Lu Shengju, the majority owner and chairman of Casin Group, wants to help bring Chinese companies to U.S. markets, according to the statement from Chicago’s bourse.
“We have reviewed CHX’s plans to improve market share through new growth initiatives and fully support them,” Lu, a torch bearer during the Beijing Olympic games in 2008, said in the statement, which didn’t disclose terms of the deal. “Together, we have a unique opportunity to help develop financial markets in China over the longer term and to bring exciting Chinese growth companies to U.S. investors.”
The Chicago Stock Exchange could serve as a venue for Chinese companies to list, said Dale Rosenthal, a clinical assistant professor of finance at the University of Illinois at Chicago.
“Because they’re an exchange, they can list stock,” Rosenthal said. “It has the potential to raise Chicago’s profile in China.”
Casin Group is no stranger to investing in outside businesses, including overseas targets. Three years ago, the firm increased its stake in Shenzhen-listed Guoxing Property to 30 percent, becoming the biggest shareholder. Guoxing, now 60 percent owned by Casin Group, has soared 170 percent in the past two months, versus a 19 percent drop in the CSI 300 Index, data compiled by Bloomberg show. Casin Group bought a 25 percent stake in Singapore-based Great Eastern Life Assurance in 2013.

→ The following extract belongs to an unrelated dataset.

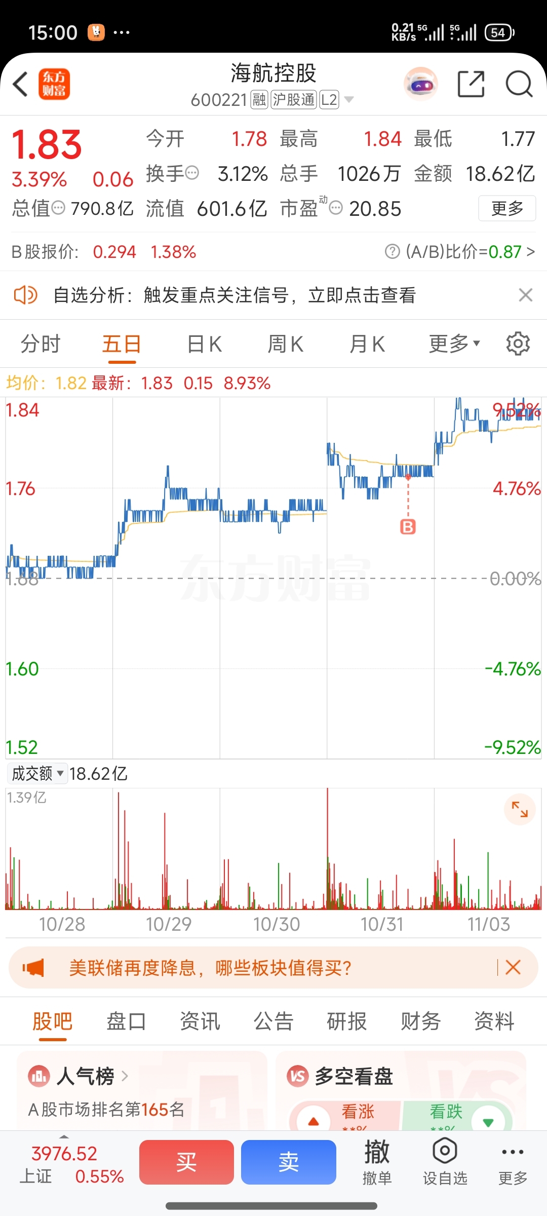 $海航控股(SH600221)$ 建个仓,这个星期应该会到1.9

“It’s interesting to see the Chinese increase their footprint in the U.S.,” said Ramon Camacho, a principal at RSM US LLP, an audit, tax and consulting company based in Chicago. “These investors are looking for a platform to showcase and bring to market Chinese companies.”
The company’s bid for the Chicago bourse could face political opposition, with American regulators and politicians taking a skeptical approach toward foreign investments in industries deemed important to national interests. When Germany’s Deutsche Boerse AG wanted to buy the owner of the New York Stock Exchange in 2011, U.S. Senator Charles Schumer, a Democrat from New York, raised obstacles. The deal was finally scrapped on monopoly concerns.

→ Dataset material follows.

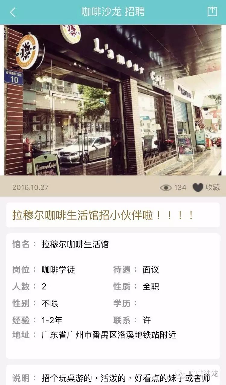 看完還不心動?!趕緊進(jìn)入咖啡沙龍招聘頻道發(fā)布&尋找你的咖啡館吧!I need you?。?!號外咖啡館主、咖啡師加群交流請點(diǎn)擊這里?。?!

Some Chinese companies have come under heavy scrutiny as they tried to enter U.S. markets. Huawei Technologies Co., China’s largest phone-network equipment maker, was barred by the U.S. in 2011 from participating in building a nationwide emergency network.
The U.S. Securities and Exchange Commission would have to approve the deal, because the exchange is a self-regulatory organization. The new owners will have to show they intend to follow all of the regulations imposed on stock exchanges, whose listing and trading rules also must be approved by the SEC.
Additionally, the takeover would probably be reviewed by the Committee on Foreign Investment in the U.S., said Anne Salladin, a lawyer at Stroock & Stroock & Lavan LLP in Washington. CFIUS, a panel of government officials led by the Treasury Department that examines purchases of American businesses by foreign investors, can recommend the president block transactions it believes compromise national security. It can also impose changes to address any concerns.
“It’s a Chinese investment, and it’s in a potentially sensitive sector: financial infrastructure,” Salladin said.
CFIUS has been closely scrutinizing purchases of American businesses by Chinese buyers. Last month, Royal Philips NV abandoned its plan to sell its lighting-components unit to a Chinese-led investment group following opposition from CFIUS.
“If you have a U.S. stock exchange that’s primarily satisfying Chinese companies, the regulators are gonna look very closely at it,” Coulson said. “If your core business is listing Chinese companies in the U.S., that’s going to pick up a lot of regulatory scrutiny and caution.”